_What the exercise asks:_
Could the lines from the top of the material to the line that contains "Colorful boxes in" be retyped exactly, both included and pictures omitted?

─── Data extracts

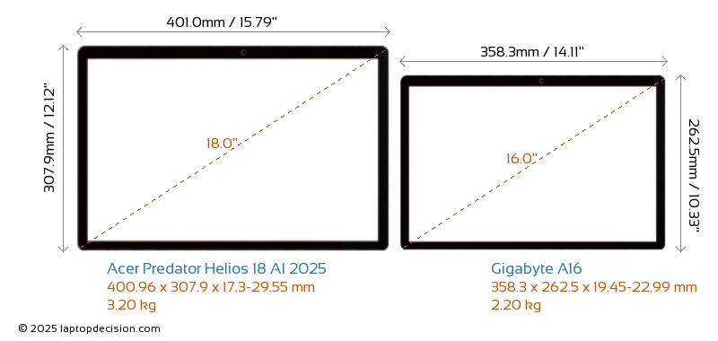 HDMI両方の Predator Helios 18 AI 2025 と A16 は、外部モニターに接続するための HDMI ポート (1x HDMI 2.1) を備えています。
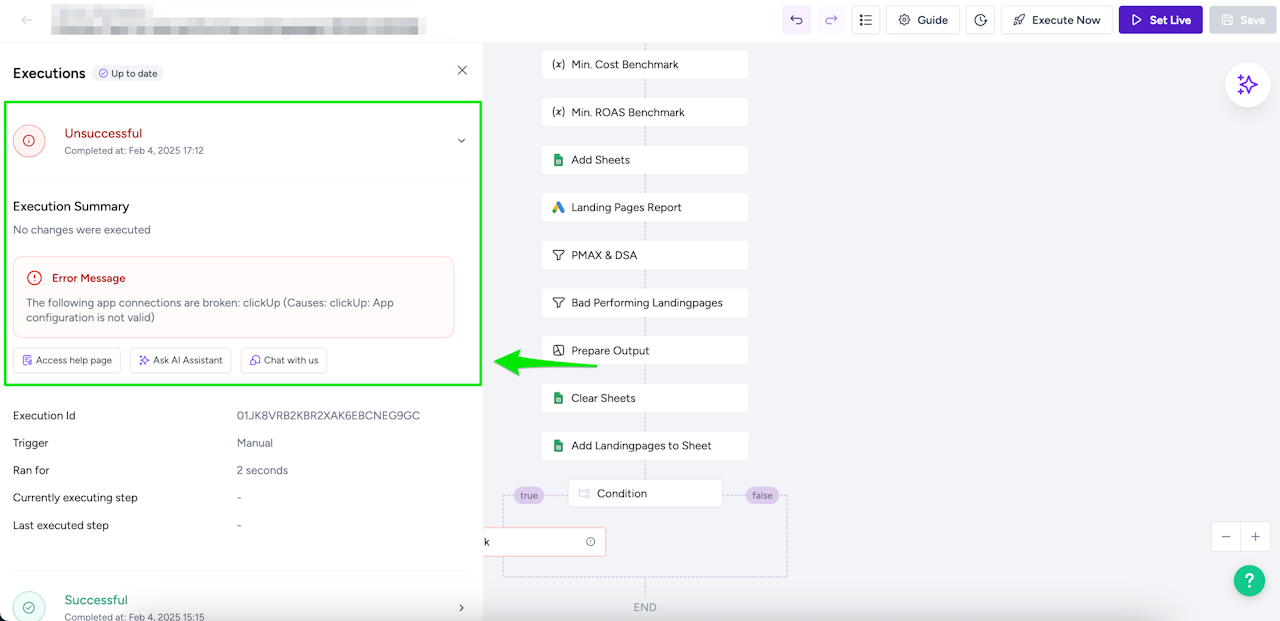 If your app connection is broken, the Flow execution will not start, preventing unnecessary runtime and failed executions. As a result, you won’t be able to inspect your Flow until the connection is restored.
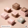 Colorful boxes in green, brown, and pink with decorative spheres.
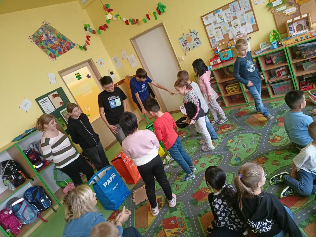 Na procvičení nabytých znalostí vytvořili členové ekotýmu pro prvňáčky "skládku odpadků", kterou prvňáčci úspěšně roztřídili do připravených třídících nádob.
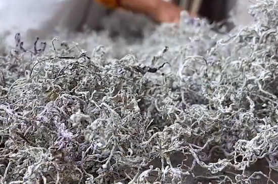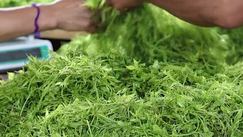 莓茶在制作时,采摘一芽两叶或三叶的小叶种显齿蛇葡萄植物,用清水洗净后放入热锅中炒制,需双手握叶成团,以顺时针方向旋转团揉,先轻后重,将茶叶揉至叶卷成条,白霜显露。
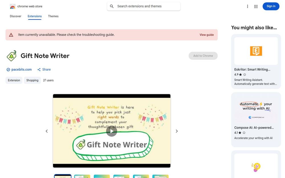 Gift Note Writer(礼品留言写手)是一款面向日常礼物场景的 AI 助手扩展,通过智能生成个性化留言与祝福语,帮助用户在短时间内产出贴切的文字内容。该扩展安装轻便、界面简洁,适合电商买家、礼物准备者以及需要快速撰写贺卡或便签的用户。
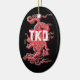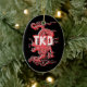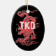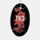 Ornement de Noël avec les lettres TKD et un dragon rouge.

──────

_Task output:_
 HDMI両方の Predator Helios 18 AI 2025 と A16 は、外部モニターに接続するための HDMI ポート (1x HDMI 2.1) を備えています。
 If your app connection is broken, the Flow execution will not start, preventing unnecessary runtime and failed executions. As a result, you won’t be able to inspect your Flow until the connection is restored.
 Colorful boxes in green, brown, and pink with decorative spheres.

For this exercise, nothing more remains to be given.